Two Ways of Seeing: Edward Hopper and Fairfield Porter
Was looking at the always interesting Painting Perceptions website run by Larry Groff. It has a new posting on Fairfield Porter I enjoyed this morning. It got me thinking about the difference between two of the main ways of seeing in painting- one can either move one's eye across the surface or plunge into the painting's depth. In the first mode, things tend towards flatness and emphasize the shape of their silhouettes. In the second, it's much more likely to find a real sense of volumes. Let's use Porter as an example and contrast him against Edward Hopper.

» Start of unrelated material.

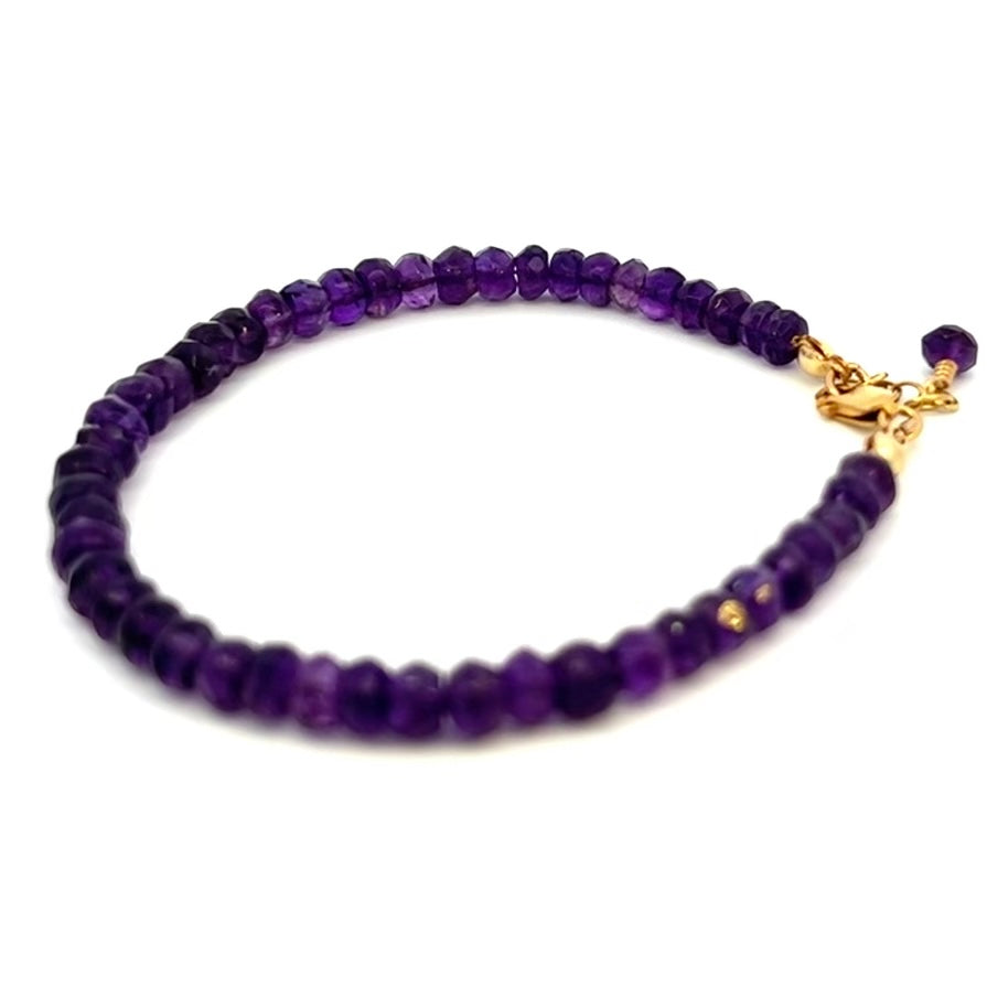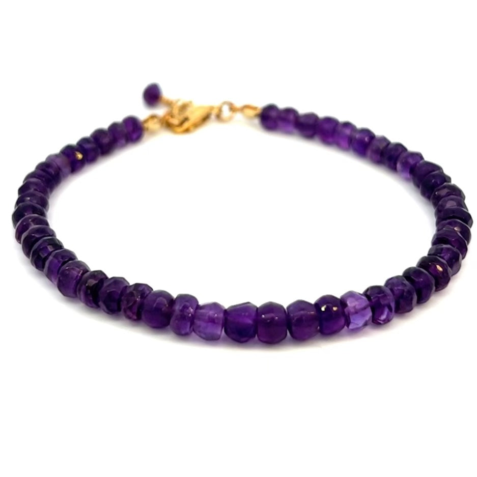 This is a 14k Gold Filled Bracelet with genuine African Amethyst. Amethysts are believed to bring the wearer clear headedness and fast Witt. This beautiful bracelet has a 14k gold filled Extender Chain and lobster clasp. It is adjustable at approximately 7 1/2 - 8”. The beads range from about 4-5mm in width.

These two realist American painters are both very good yet they exemplify different sides of the painting coin.
Above is a Porter oil of a house and garden. Porter's choice of his point of view is revealing. Instead of a clear, unobstructed view that would let you see the house, he interrupts the line of sight with at least four additional layers of trees and shrubs. Its focus is on the network of branches and leaves that run across the painting's surface more than it's about creating a real depth of space and convincing volumes.
This can be exactly what we experience when we walk through any crowded space- there can be so much information that our mind's eye has to summarize it as just a crowd or multitude. I remember years ago when I lived in New York City and attended the Art Students League. Each morning I'd take the subway to class at rush hour and would have to squeeze (holding my paint box and often a wet canvas) into a herd of others heading off to their jobs. You'd be riding in a car with maybe 100 other people, most standing up and clinging to overhead handles or poles trying not to fall over as the train bumped and lurched its way forward. What you would see would be the moving, swaying mass of people rather than individuals.

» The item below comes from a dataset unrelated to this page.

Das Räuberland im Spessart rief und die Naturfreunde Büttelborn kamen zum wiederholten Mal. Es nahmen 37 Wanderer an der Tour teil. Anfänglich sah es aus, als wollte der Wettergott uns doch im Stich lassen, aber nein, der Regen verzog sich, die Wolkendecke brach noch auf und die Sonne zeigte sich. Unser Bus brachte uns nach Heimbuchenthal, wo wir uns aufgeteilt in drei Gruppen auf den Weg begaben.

Porter's painting, while hardly summoning up images of a New York subway, suggests this way of seeing reality.
Below is a very different world- it's an oil by Edward Hopper, Seven A,M,. As the title indicates, it's way before rush hour and typical for Hopper, he's picked a much more sparse and pared down world to paint.

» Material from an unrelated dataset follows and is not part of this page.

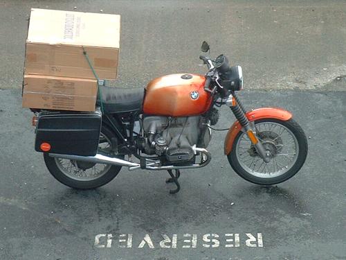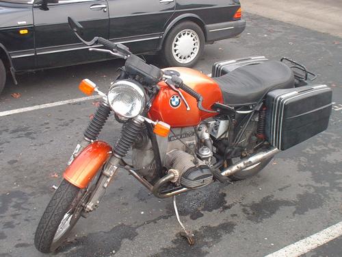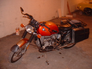 One morning in May 2003 the choke lever broke off in my hand as I tried to start the bike; after a week or two of difficult cold starts, I replaced the entire choke assembly, and shortly thereafter I put on a new clutch cable to ensure smooth, light action. I also ordered a new reproduction dual bench seat from Germany and returned the borrowed original to my R75/7. Then, a month later, I felt strands give way in my front brake cable as I left the house for errands one morning; I was able to drive back home gently before it snapped entirely, and I cannibalized a cable from my 750, already laid up with a leaky master cylinder, until I could replace it with a new cable.

Hopper's world is one of clear, sharp definition. He's showing us defined spaces (the storefront, it's interior, and the dark forest background). You could walk into his space and almost measure the picture's depth in feet and inches. Where in Porter's painting one is always aware the forms are made of flat areas of oil paint, here Hopper populates his world with carefully modeled objects you could pick up and hold in your hands. They're all volumes, they have real weight.
Back to Poter's more two dimensional world...
And to Hopper's imagination so full of clear volumes and deeper spaces.
There's the old retort by painters "I paint what I see." A bigger question arises once one realizes just how much there is to see in reality (both external reality and the internal reality of our thougths and emotions). Art happens only as we choose which aspect of what we see we're going to emphasize.
In real life when you meet a new person you're often struck by some aspect of their personality that you sense is unique to them. So it is with paintings- if they are to be good they're about selectivity, about the artist picking wisely from the myriad facets of reality to weave a convincing, personality-rich world for the viewer.